Pada masa itu, reputasi Persib sebagai
salah satu jawara kompetisi perserikatan mulai dibangun. Selama
kompetisi perserikatan, Persib tercatat pernah menjadi juara sebanyak
empat kali yaitu pada tahun 1961, 1986, 1990, dan pada kompetisi
terakhir pada tahun 1994. Selain itu Persib berhasil menjadi tim
peringkat kedua pada tahun 1950, 1959, 1966, 1983, dan 1985.
Keperkasaan tim Persib yang dikomandoi
Robby Darwis pada kompetisi perserikatan terakhir terus berlanjut dengan
keberhasilan mereka merengkuh juara Liga Indonesia pertama pada tahun
1995. Persib yang saat itu tidak diperkuat pemain asing berhasil
menembus dominasi tim tim eks galatama yang merajai babak penyisihan dan
menempatkan tujuh tim di babak delapan besar. Persib akhirnya tampil
menjadi juara setelah mengalahkan Petrokimia Putra melalui gol yang
diciptakan oleh Sutiono Lamso pada menit ke-76.

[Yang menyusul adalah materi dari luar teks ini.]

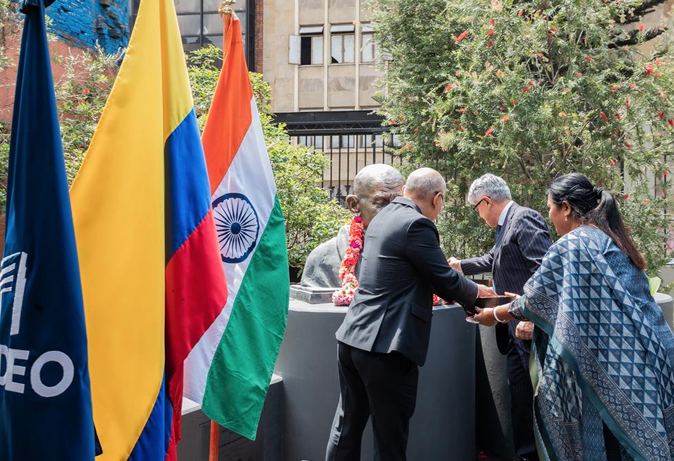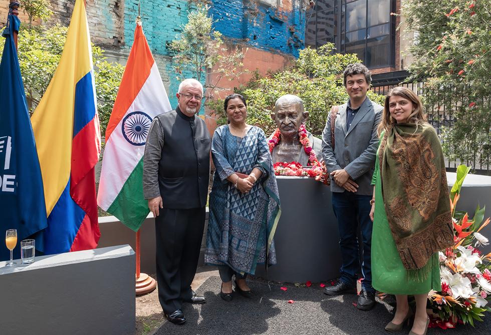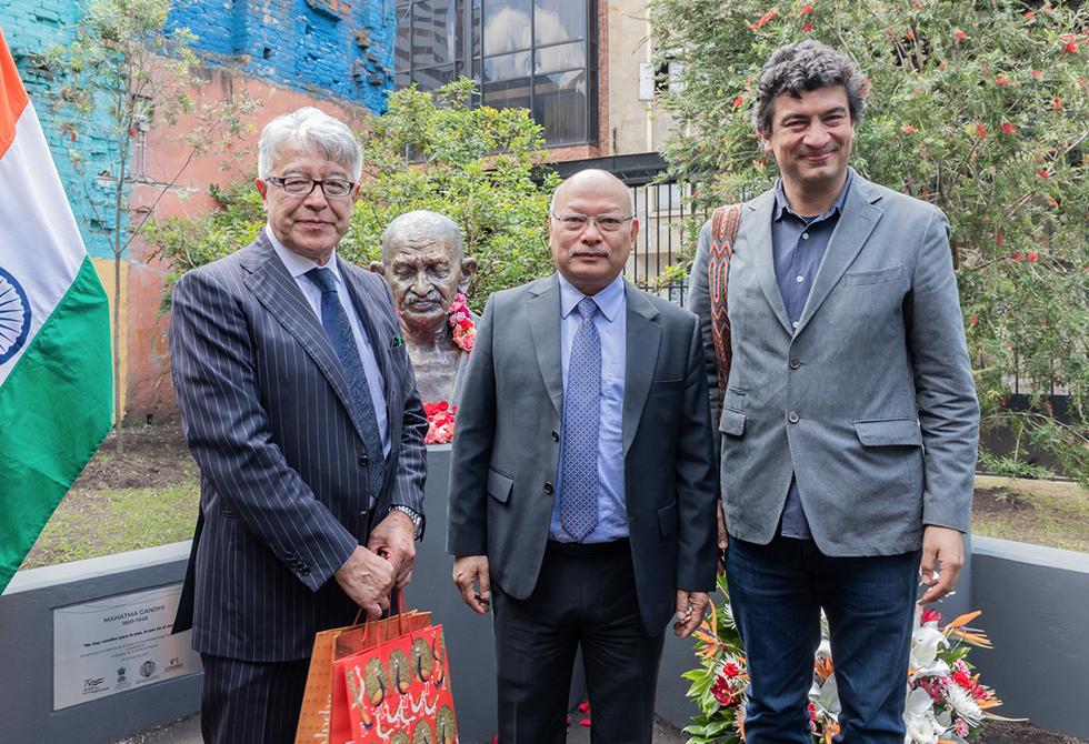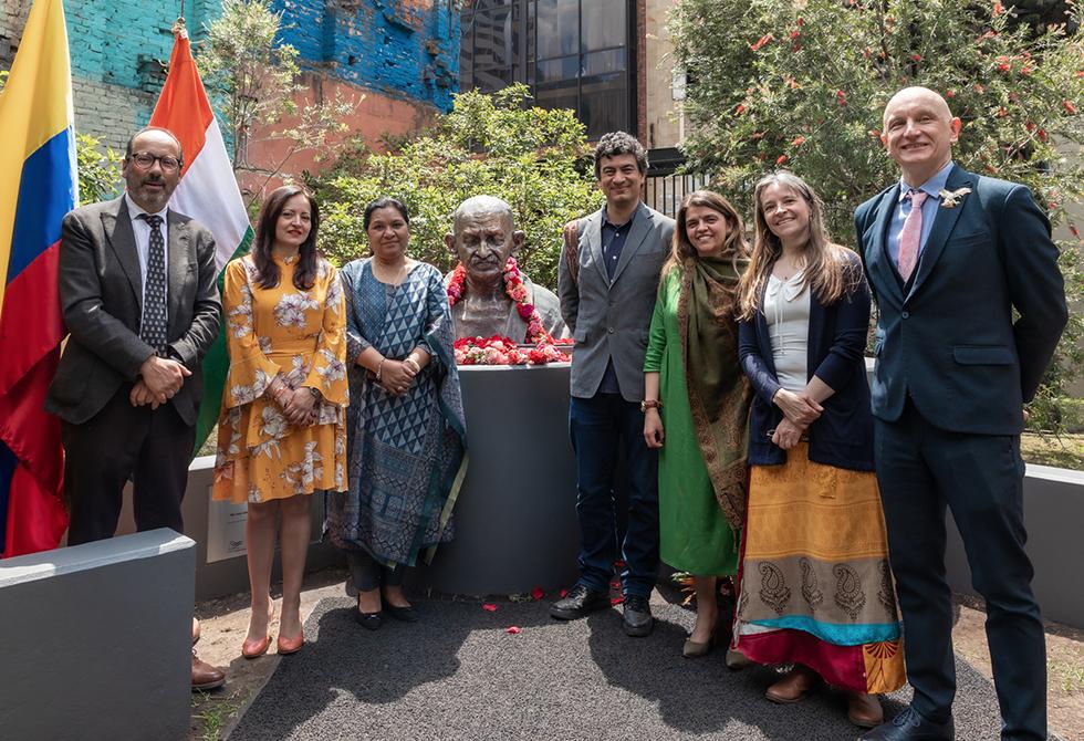 El gobierno de la India, a través de su embajada en Colombia, entregó oficialmente a la Universidad Jorge Tadeo Lozano, el busto con la figura de Mahatma Gandhi, en un acto especial en el que aparte de descubrir el busto se presentó oficialmente el pedestal horizontal inspirado en sus lentes y que es el espacio fundamental de un jardín que desde ya invita a la reflexión y el encuentro con las ideas de este importante líder mundial.
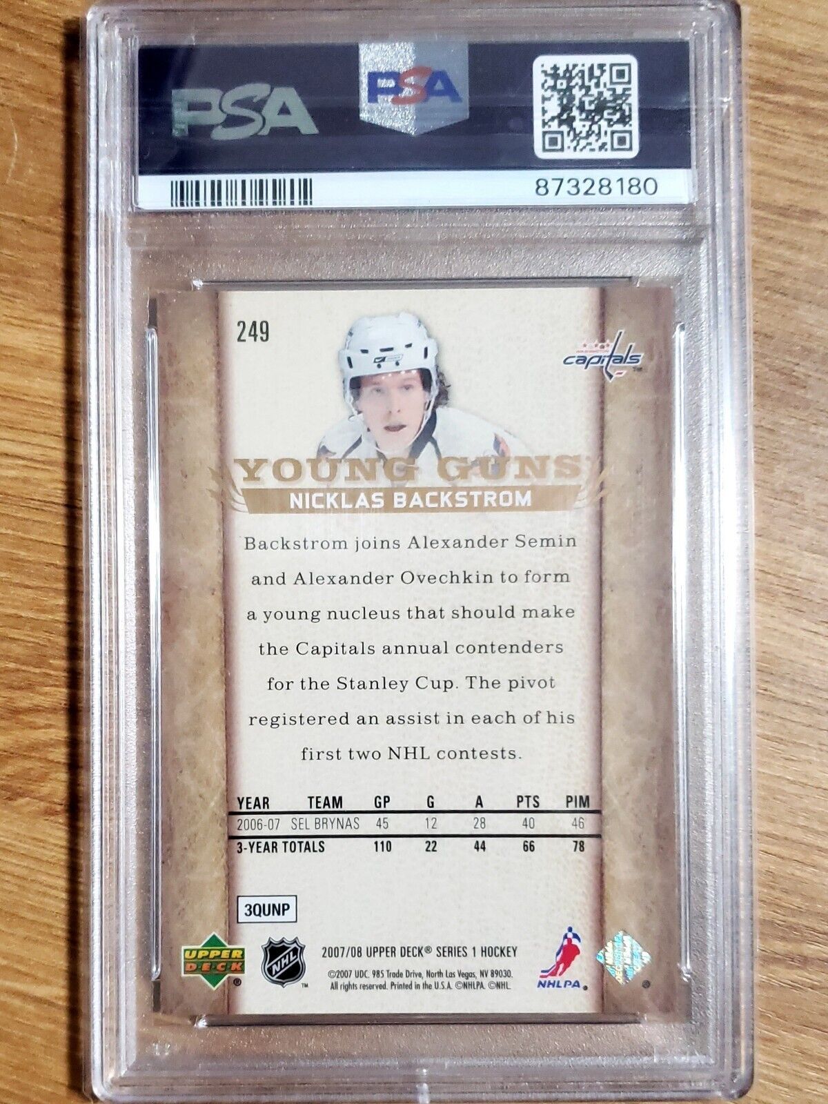 Nicklas Backstrom 2007-08 Upper Deck Young Guns Rookie Graded PSA 9 Mint! #249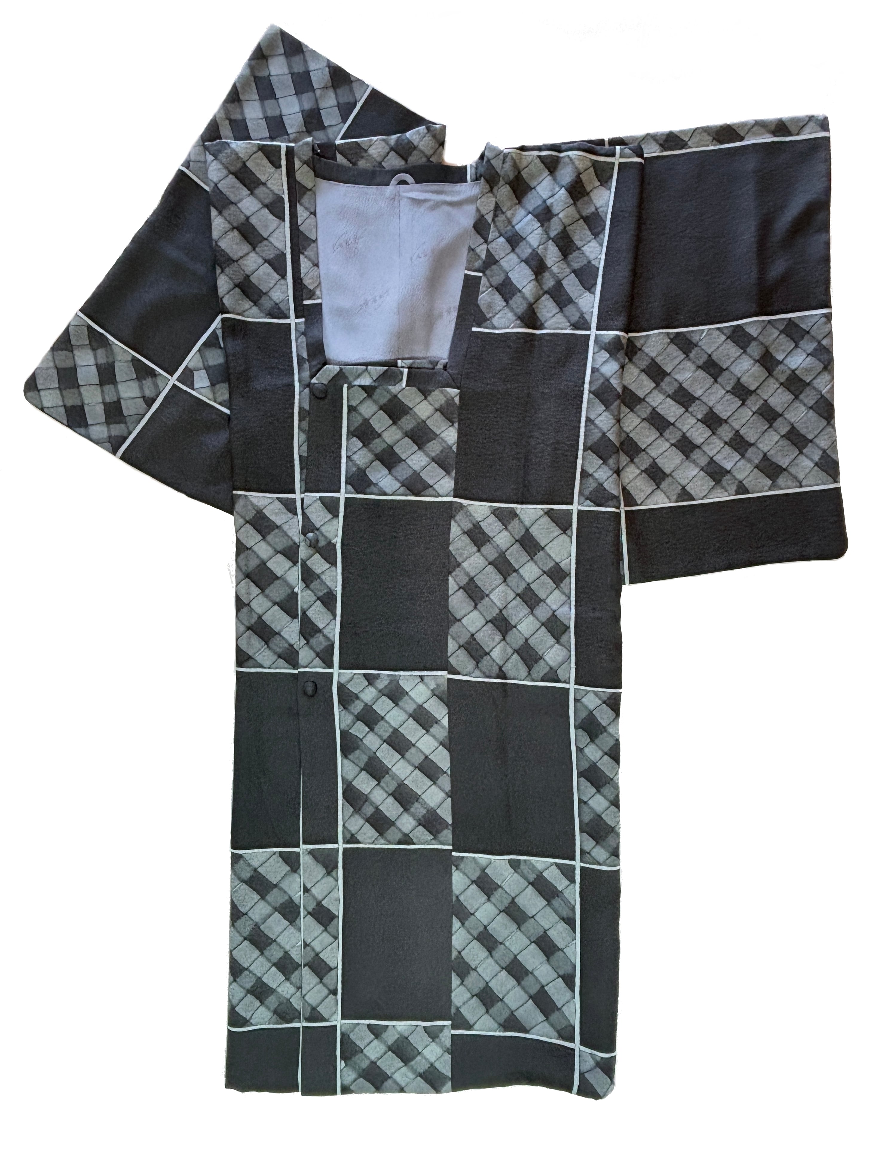濃淡の墨色を基調とした市松状の構図は、静かな存在感と洗練された都会的印象を併せ持ち、斉藤三才らしい意匠美が感じられます。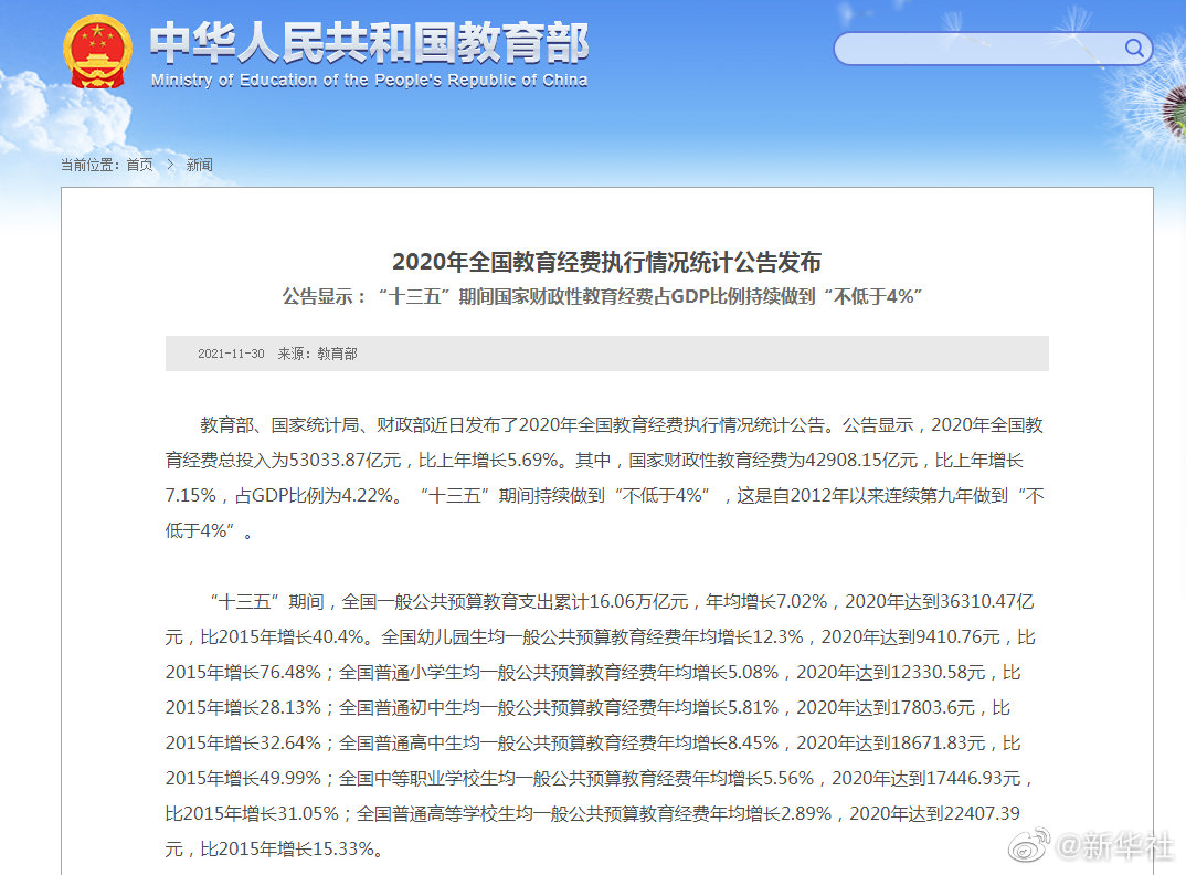 记者11月30日从教育部网站了解到,2020年全国教育经费总投入为53033.87亿元,比上年增长5.69%。其中,国家财政性教育经费为42908.15亿元,比上年增长7.15%,占GDP比例为4.22%。这是自2012年以来连续第九年做到“不低于4%”。(记者 王鹏)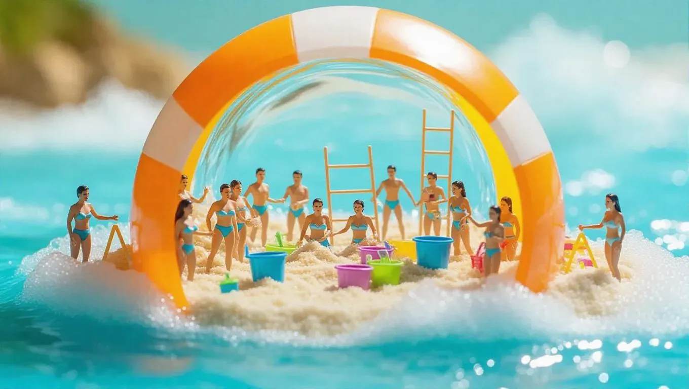 A team of miniature lifeguards in swimsuits is supervising inside a giant beach ball jar. Some are building sandcastles with large buckets, others are splashing water on a tiny shore, while waves ripple like playful ghosts. The entire scene appears to be a fun beach party, with towels and ladders inside the jar.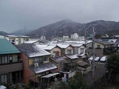 今日は下界も雪化粧しました。校舎の窓から見える比叡山もきれいでした。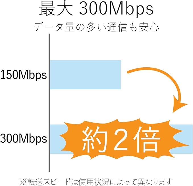IEEE802.11b/g/nに対応し、最大300Mbpsの無線通信が可能です。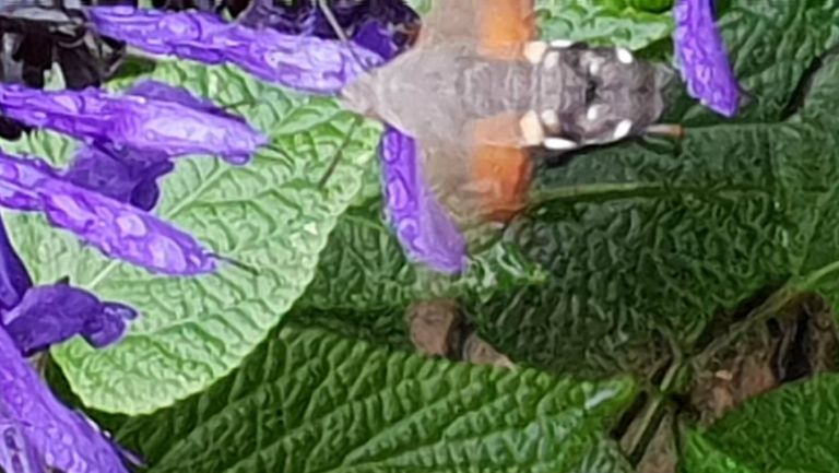 Op de wazige foto die ik kreeg van Clazien Wagtmans kan ik toch heel duidelijk een kolibrievlinder ontdekken. Ik snap dat het fotograferen van zo’n vliegensvlugge kolibrievlinder niet gemakkelijk is. Kolibrievlinders zijn eigenlijk nachtvlinders, maar ze zijn ook dagactief. Ze komen als trekvlinders ieder voorjaar vanuit Zuid-Europa naar Nederland en na voortplanting trekken de meeste vlinders in het najaar weer terug naar het zuiden. Kolibrievlinders gedragen zich exact hetzelfde als kolibries. Ze hangen snel vleugelklappend in de lucht stil voor bloemen en met hun lange roltong zuigen ze de nectar op. Overigens lijkt ook die lange roltong een beetje op de kromme snavel van de kolibrie vogel.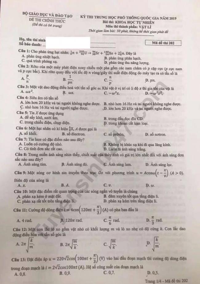 Cập nhật liên tục đề thi và đáp án môn Vật lý kì thi THPT quốc gia năm 2019. Dưới đây, KhoaHoc sẽ gửi đến quý phụ huynh và học sinh đề thi và đáp án môn Vật lý mã đề 202. Mời quý bạn đọc cùng tham khảo.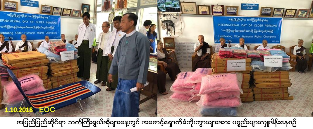 လူမှုဝန်ထမ်း၊ ကယ်ဆယ်ရေးနှင့် ပြန်လည်နေရာချထားရေးဝန်ကြီးဌာန၊ ဘေးအန္တရာယ် ဆိုင်ရာစီမံခန့်ခွဲ မှုဦးစီးဌာန၊ မွန်ပြည်နယ်ဦးစီးမှူးရုံးမှ တာဝန်ရှိသူများသည် ၂၀၁၈ခုနှစ်၊ အောက်တိုဘာလ (၁) ရက်နေ့ (အပြည်ပြည်ဆိုင်ရာ သက်ကြီးရွယ်အိုများနေ့) တွင် မော်လမြိုင်မြို့ရှိ အစောင့်ရှောက်ခံဘိုးဘွား (၁၀၀) ဦးအတွက် pillow, Bed sheet, Mosquito Net, Blanket, Foldable Bed ပစ္စည်း (၅) မျိုးတို့အား ထောက်ပံ့လှူဒါန်းခဲ့ကြောင်း သတင်းရရှိပါသည်။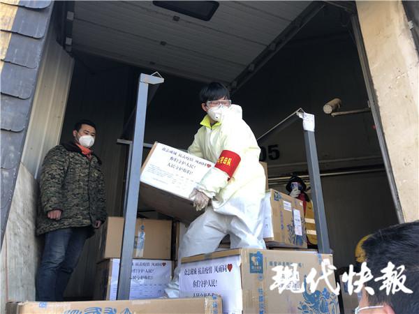加入了洪山區志愿者之后,我們有了 " 洪山青年突擊隊 " 的袖章。2 月 17 日,洪山區有 6 噸物資要送往武漢科技會展中心方艙醫院,我在群里發了消息之后,一下子 20 多輛車從武漢的各個地方開往倉庫,然后一車一車運往醫院。我等紅綠燈的時候,旁邊一輛軍車內的小哥哥把車窗搖下來,向我敬了一個軍禮,一瞬間,我覺得很鼓舞。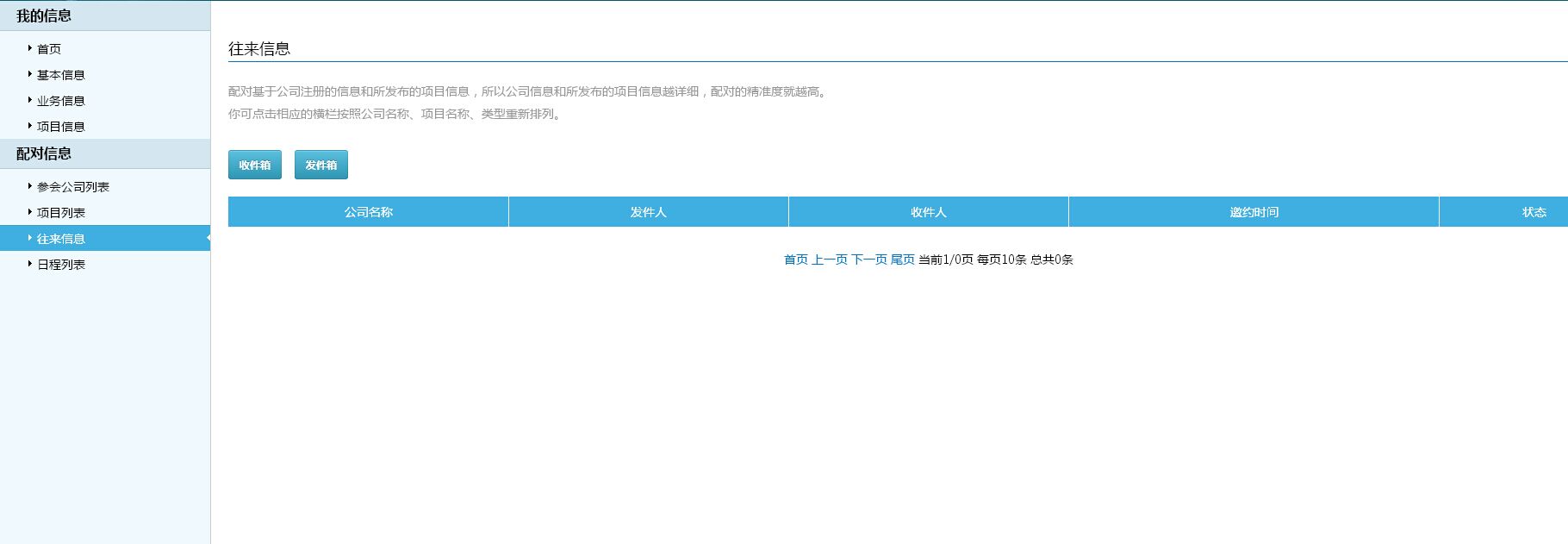 3往来信息——点击左侧“往来信息”,可浏览“收件箱”、“发件箱”、“草稿箱”,查看邀请是否通过;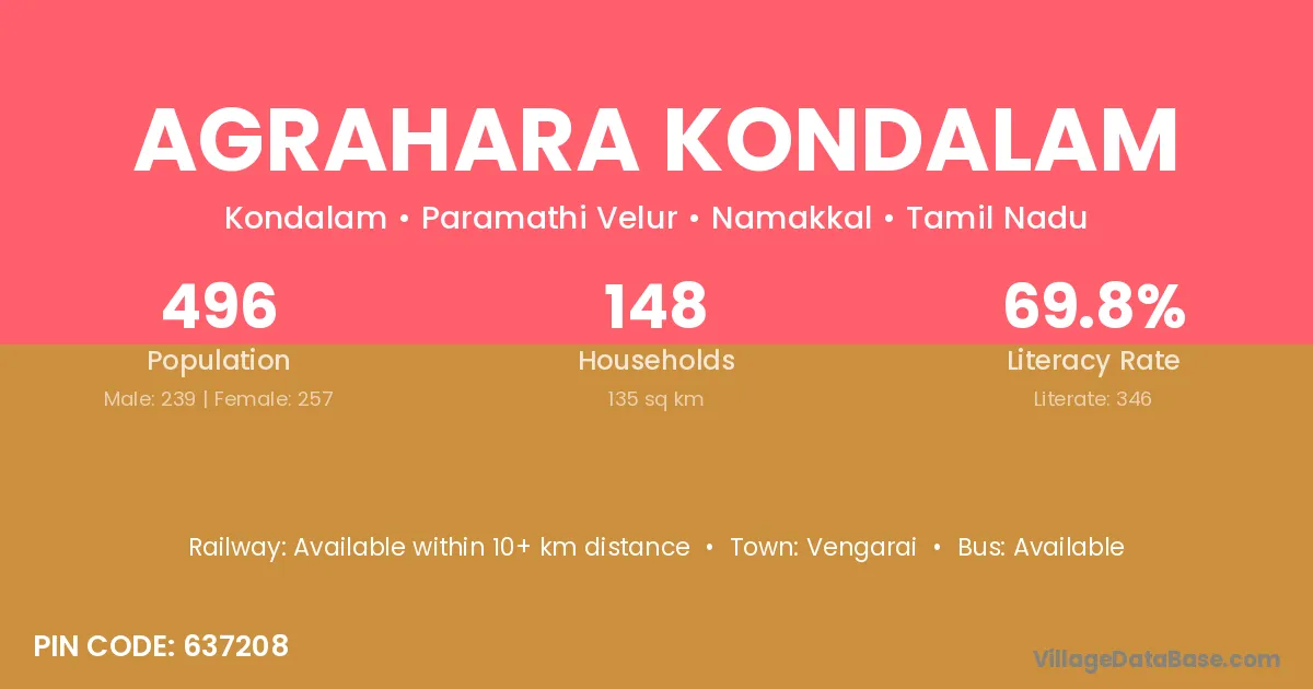 Agrahara Kondalam village has a total population of 496 people, of which 239 are males and 257 are females.

Sayangnya setelah juara, prestasi Persib
cenderung menurun. Puncaknya terjadi saat mereka hampir saja
terdegradasi ke Divisi I pada tahun 2003. Beruntung, melalui drama babak
playoff, tim berkostum biru-biru ini berhasil bertahan di Divisi
Utama.
Sebagai tim yang
dikenal tangguh, Persib juga dikenal sebagai klub yang sering menjadi
penyumbang pemain ke tim nasional baik yunior maupun senior. Sederet
nama seperti Risnandar Soendoro, Nandar Iskandar, Adeng Hudaya, Heri
Kiswanto, Adjat Sudradjat, Yusuf Bachtiar, Dadang Kurnia, Robby Darwis,
Budiman, Nuralim, Yaris Riyadi hingga generasi Erik Setiawan merupakan
sebagian pemain timnas hasil binaan Persib.